### code to fetch synthesized dataset

In [1]:
import json

def get_dataset(dataset_string):
  with open(dataset_string, 'r') as file:
      data = json.load(file)
  return data

### approach 1 with different models and prompts

In [None]:
from approach1 import approach1
from llms.llm_interaction import OpenAIClient, GroqClient

#load dataset
patient_records = get_dataset("datasets/patient_records2.json")

gpt4o = OpenAIClient(model="gpt-4o")
llama33 = GroqClient(model="llama-3.3-70b-versatile")

prompt_template = "Given the following patient record, identify if it matches the following semantic regex pattern: {regex} Return either true OR false, nothing else.\n\nPatient Record: {record_text}"
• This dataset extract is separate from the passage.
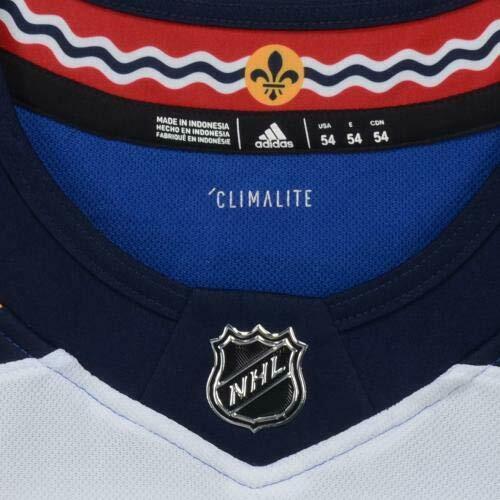 Adidas on-ice style jersey. Everything is sewn on, size 54. Hand-signed in silver paint pen by Jordan Binnington.
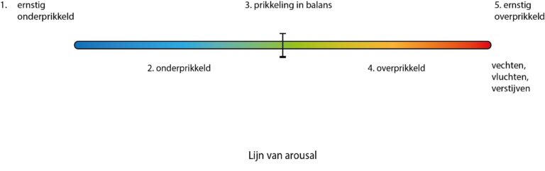 arousallijn, blauw, groen, oranje, rood, hypoarousal, hyperarousal

system_prompt = "You are a helpful AI assistant that only answers True or False based on patient data and provided semantic regex matching."

#### Approach 1: GPT-4o

In [None]:
pred, true = approach1(patient_records[0:1], gpt4o, prompt_template=prompt_template, system_prompt=system_prompt, verbose=True)

#### Approach 1: llama-3.3 (via Groq)

In [None]:
pred, true = approach1(patient_records[0:1], llama33, prompt_template=prompt_template, system_prompt=system_prompt, verbose=True)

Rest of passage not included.